Zdolny przedsiębiorca zbudował maszynę zwaną mikrometrem piękna (beauty micrometer), która bezbłędnie wykazywała odchylenia od normy. Każda osoba, która poddała się pomiarowi, otrzymywała informację o tym, które cechy jej twarzy oddalają ją od kanonu piękna. Problem został wykreowany. Teraz potrzebne było rozwiązanie. Były nim kosmetyki, które miały niwelować wady i wyostrzać zalety danej twarzy. Jednak Maksymilian Faktorowicz nie tylko stworzył rozwiązanie, ale także nadał mu własną nazwę, ponieważ to on jest twórcą rzeczownika make-up.

Mamy więc następujące elementy:

  • wykreowanie problemu – „coś jest nie tak z Twoją urodą”
  • obiektywizacja miary problemu – „zmierzymy, jak dalece odbiegasz od kanonu piękna w każdym aspekcie twarzy”
  • zawłaszczenie problemu – „tylko nasza metoda pozwala na uzyskanie obiektywnego pomiaru skali problemu”
  • stworzenie rozwiązania – „nasze kosmetyki ukryją wady i wydobędą zalety twarzy przybliżając do kanonu piękna”
  • zawłaszczenie rozwiązania – „nasze kosmetyki tworzą większą całość, czyli make-up”

Nie zawsze jest tak, że kreowanie nowego problemu jest wyrazem niekompetencji w rozwiązywaniu problemów istniejących. Niezależnie od tego, jak bardzo wątpliwie moralnie brzmi ta formuła, bywa ona skutecznym mechanizmem biznesowym. Kreowanie problemów brzmi jak aktywne szkodnictwo, ale bywa metodą na zawłaszczenie nie tylko rozwiązania, ale właśnie samego problemu. Każdy próbuje wyróżnić się na poziomie rozwiązania, ale wyróżnienie się na poziomie problemu, jego definicji i pomiaru to prawdziwa sztuka.

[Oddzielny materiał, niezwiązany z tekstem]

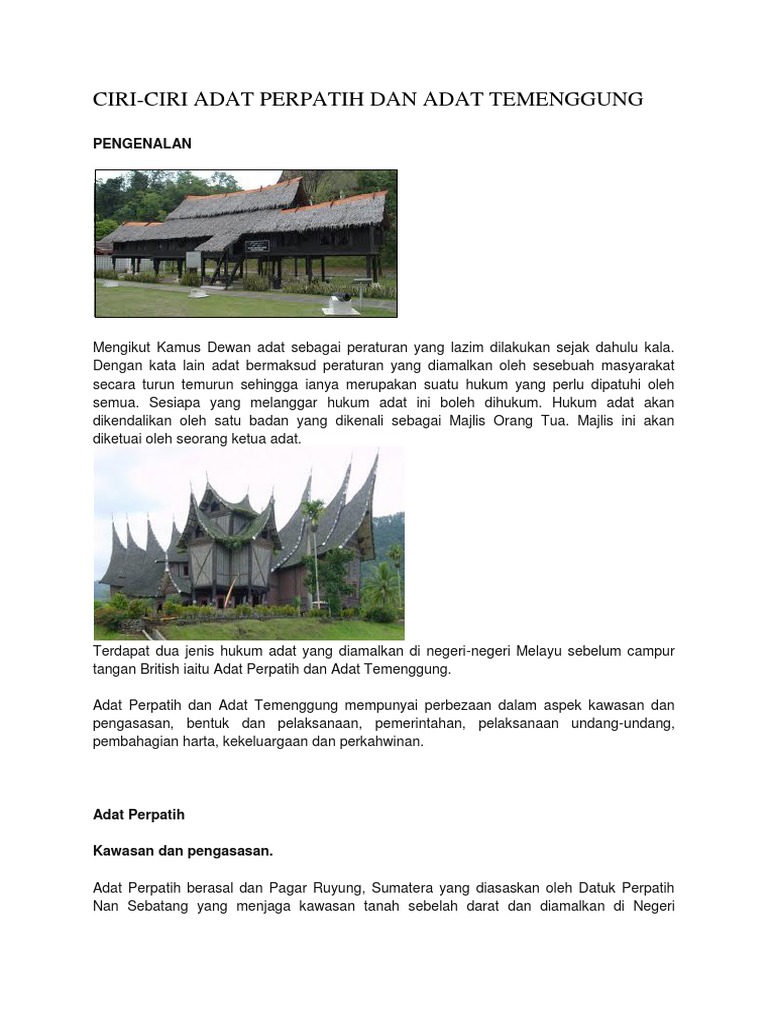 Sejarah Stpm Ciri Ciri Adat Perpatih Dan Adat Temenggung
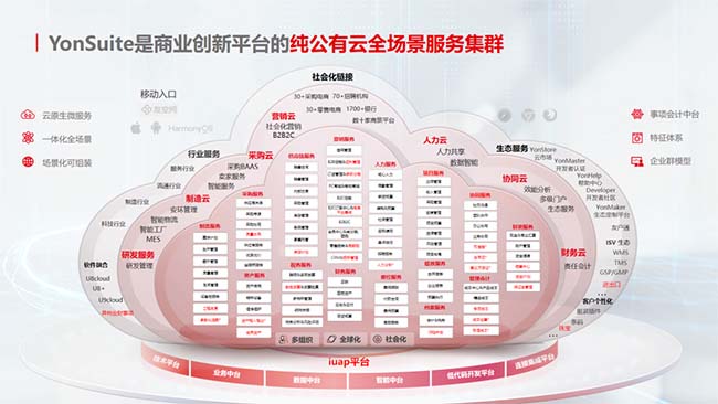 此外,用友近年更進(jìn)一步擴(kuò)充其生態(tài)服務(wù)。通過YonSuite的三中臺(tái)和三平臺(tái)策略,構(gòu)建了強(qiáng)大的生態(tài)體系,為開發(fā)者提供了開發(fā)認(rèn)證、定制平臺(tái)、社區(qū)、應(yīng)用市場和統(tǒng)一用戶中心等功能,滿足了國際化的生態(tài)場景需求,并在原生開發(fā)與集成開發(fā)中取得了不少成功案例。

Oczywiście nie mówimy tu o sytuacjach jawnego wyrządzania szkody, które stanowią nie tyle problem etyczny, co prawny. Mówimy o standaryzacji interpretacji problemów, które podpowiadają, co jest z nami i otaczającym nas światem nie tak. Te standardowe miary pozwalają zmierzyć problem tak, jak chce tego dostawca rozwiązania. Reszta zależy od skuteczności rozwiązań i jego siły przebicia na rynku.